BEGIN Information shown
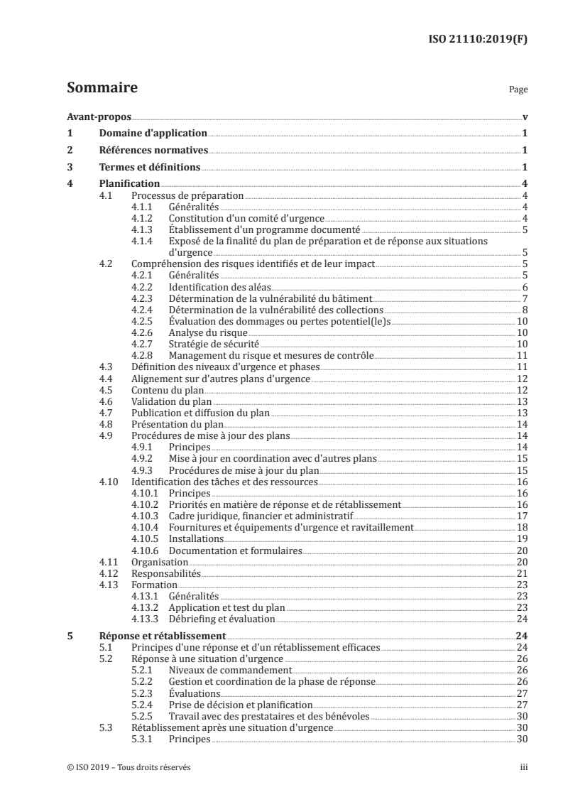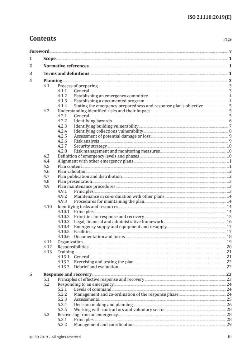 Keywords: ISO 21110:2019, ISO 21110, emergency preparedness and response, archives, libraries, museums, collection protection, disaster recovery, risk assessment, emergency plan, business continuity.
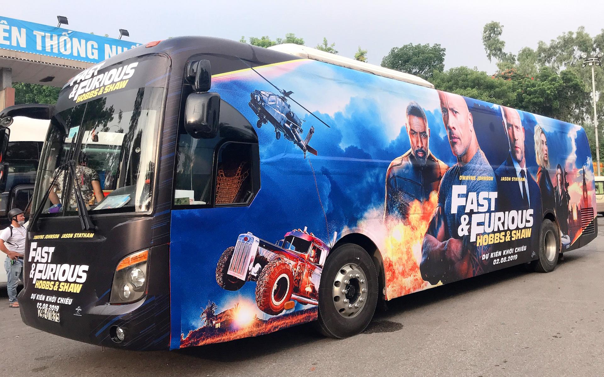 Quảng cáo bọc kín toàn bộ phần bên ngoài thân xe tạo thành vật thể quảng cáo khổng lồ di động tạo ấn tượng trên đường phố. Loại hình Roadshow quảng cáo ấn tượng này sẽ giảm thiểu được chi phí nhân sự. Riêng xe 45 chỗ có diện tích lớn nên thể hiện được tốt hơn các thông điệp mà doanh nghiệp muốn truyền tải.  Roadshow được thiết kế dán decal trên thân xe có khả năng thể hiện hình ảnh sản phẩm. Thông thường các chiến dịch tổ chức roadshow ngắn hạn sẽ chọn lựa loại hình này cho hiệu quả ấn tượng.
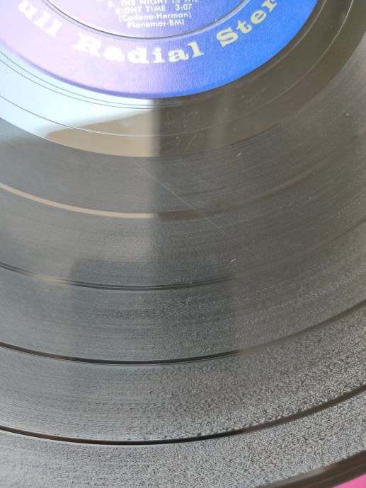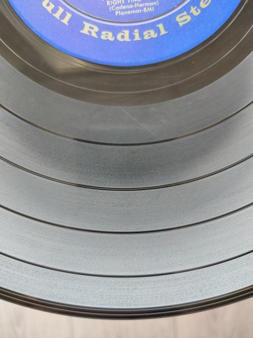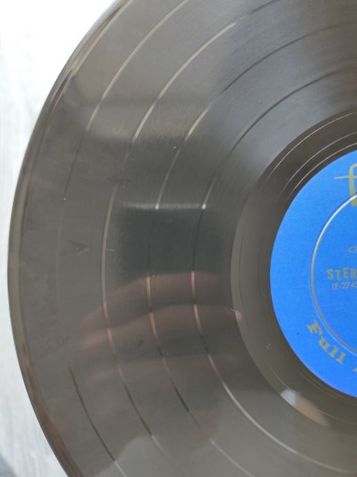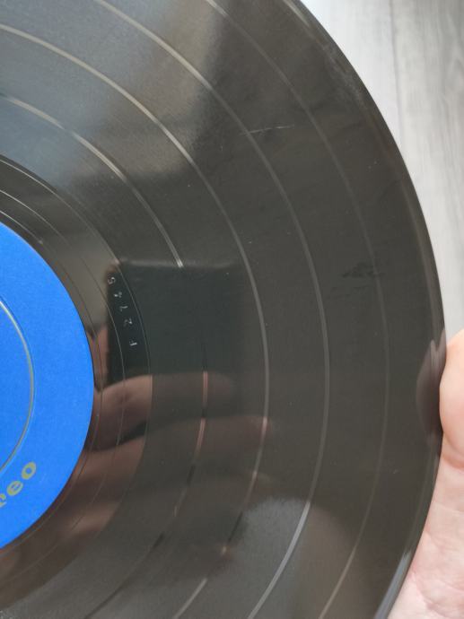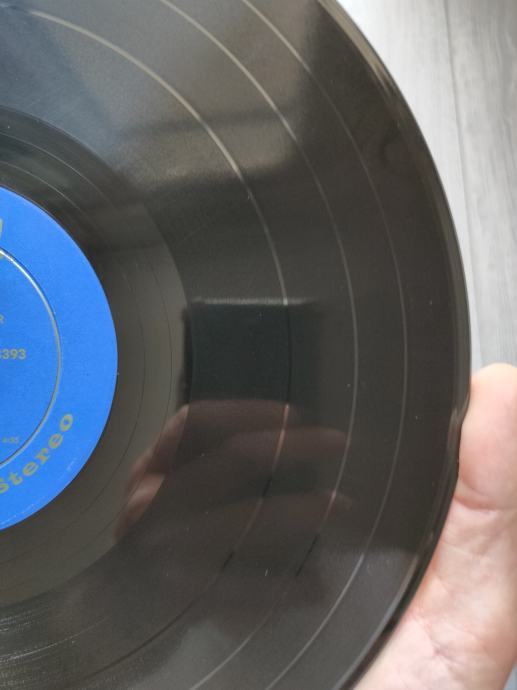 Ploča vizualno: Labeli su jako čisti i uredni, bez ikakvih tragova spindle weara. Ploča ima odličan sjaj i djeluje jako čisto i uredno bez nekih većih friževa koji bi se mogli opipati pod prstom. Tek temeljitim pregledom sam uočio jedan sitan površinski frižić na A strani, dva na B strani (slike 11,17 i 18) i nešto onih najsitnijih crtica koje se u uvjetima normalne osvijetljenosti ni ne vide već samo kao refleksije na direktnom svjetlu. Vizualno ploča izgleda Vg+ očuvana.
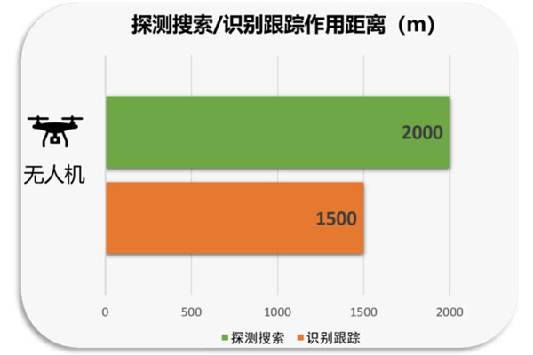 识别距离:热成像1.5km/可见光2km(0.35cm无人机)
END Information shown
▶ **Aim of the exercise**
When you reproduce the material, keep every word exact and leave each picture out.

▶ **Answer to the problem**
 Keywords: ISO 21110:2019, ISO 21110, emergency preparedness and response, archives, libraries, museums, collection protection, disaster recovery, risk assessment, emergency plan, business continuity.
 Quảng cáo bọc kín toàn bộ phần bên ngoài thân xe tạo thành vật thể quảng cáo khổng lồ di động tạo ấn tượng trên đường phố. Loại hình Roadshow quảng cáo ấn tượng này sẽ giảm thiểu được chi phí nhân sự. Riêng xe 45 chỗ có diện tích lớn nên thể hiện được tốt hơn các thông điệp mà doanh nghiệp muốn truyền tải.  Roadshow được thiết kế dán decal trên thân xe có khả năng thể hiện hình ảnh sản phẩm. Thông thường các chiến dịch tổ chức roadshow ngắn hạn sẽ chọn lựa loại hình này cho hiệu quả ấn tượng.
 Ploča vizualno: Labeli su jako čisti i uredni, bez ikakvih tragova spindle weara. Ploča ima odličan sjaj i djeluje jako čisto i uredno bez nekih većih friževa koji bi se mogli opipati pod prstom. Tek temeljitim pregledom sam uočio jedan sitan površinski frižić na A strani, dva na B strani (slike 11,17 i 18) i nešto onih najsitnijih crtica koje se u uvjetima normalne osvijetljenosti ni ne vide već samo kao refleksije na direktnom svjetlu. Vizualno ploča izgleda Vg+ očuvana.
 识别距离:热成像1.5km/可见光2km(0.35cm无人机)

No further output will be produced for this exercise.